Just a month before her son was shot to death around the corner from her north-city house, Geraldine Carter, 73, thought crime in her neighborhood was finally winding down.
St. Louis Metropolitan Police were focusing resources in College Hill, cleaning up the streets and assigning extra patrols.
"I was just thinking, 'Maybe it was going to get better,'" Carter tells the Daily RFT.
Then Carter's son, Garland, was found dead in the snow, gunshot wounds in his head and neck, murdered to avenge a killing he didn't commit.
Carter's sons -- Prince and Garland -- are both featured in a New York Times front-page story about gun crime in St. Louis. Prince Carter tells a Kansas City-based reporter that he sleeps with a shotgun and avoids going out at night ever since his 52-year-old brother was murdered.

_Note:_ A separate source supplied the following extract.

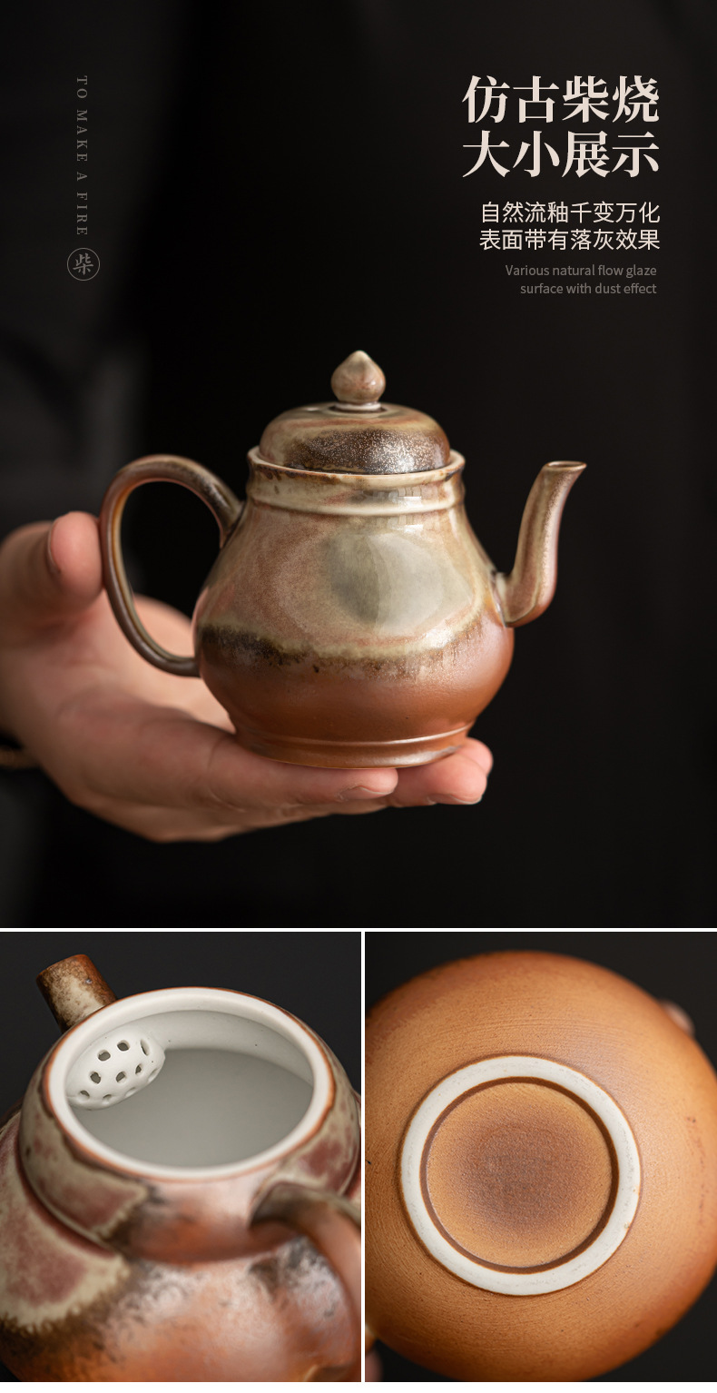 - Ấm trà gốm sứ cổ điển Đốt Củi thủ công ấm pha trà đơn giản biến đổi lò kiểu Nhật ấm pha trà công phu gia dụng ấm đơn

"Oh, yeah, he's right about that," says Geraldine Carter. "It's terrible over here. There are so many that got killed. Nobody seems to know what it is."
The New York Times story, headlined "In Places Like North St. Louis, Gunfire Still Rules the Night," spread like wildfire through St. Louis, a place often ignored by the big-time news outlets even when it doesn't deserve to be.
The story perpetuates an unfair and unfounded reputation many have been fighting against: that St. Louis is a gun-crazed, ultra-violent city with crime rates that put it on par with the likes of Ciudad Juarez, Mexico, and Mogadishu, Somalia. It's a reputation that plagues the city around the world, including in France, where, these days, travelers are warned to avoid north St. Louis.
But north of Delmar Boulevard, Geraldine Carter says, that reputation feels like reality, and she doesn't need the New York Times to tell her about guns in north city. The day the story came out, police investigated two drive-by shootings in north St. Louis, including one where suspects shot at a car with seven children, injuring a teenager and the female adult driver, according to the St. Louis Metropolitan Police.
Carter blames it on envy -- unsupervised, gun-toting teens breaking into homes and cars to steal the good life.
"They'll lie in wait and come into your house," she says. "If you're in there, they'll shoot you, too. And you know that's the way it is."
Nine months after her son's death, Carter says her family is still devastated over the loss of Garland, a man who served his neighborhood by cleaning, raking leaves and taking out trash for neighbors. The day he died, he had finished shoveling snow off porches and cars for his family and neighbors before heading around the corner to the liquor store, where he was killed trying to buy a beer.
"It hurts to the core," Carter says. "It's devastating. Everybody is still grieving."
Halloween was particularly difficult. For the first time, Garland's seven-year-old daughter didn't have her dad to take her trick-or-treating.
"So I don't try to do anything but stay in my house," Carter says. "It's just been so hard for me. I don't have the energy to do nothing. I still cry about my boy."
In the New York Times, Carter's son Prince says he now wants to leave St. Louis, where he's lived his entire life.
"My oldest son was just asking me three days ago, 'Momma, don't you want to leave?'" Carter says. "I thought maybe when the economy got better and everybody got a job, we could leave."
Carter says she'll probably never leave, now. Her daughter and grandchildren have moved into her duplex, and she looks after a 96-year-old neighbor who recently broke her hip.
"This is our house, and we have to do the best we can," Carter says. "We're just stuck here. Nobody can really do nothing right now."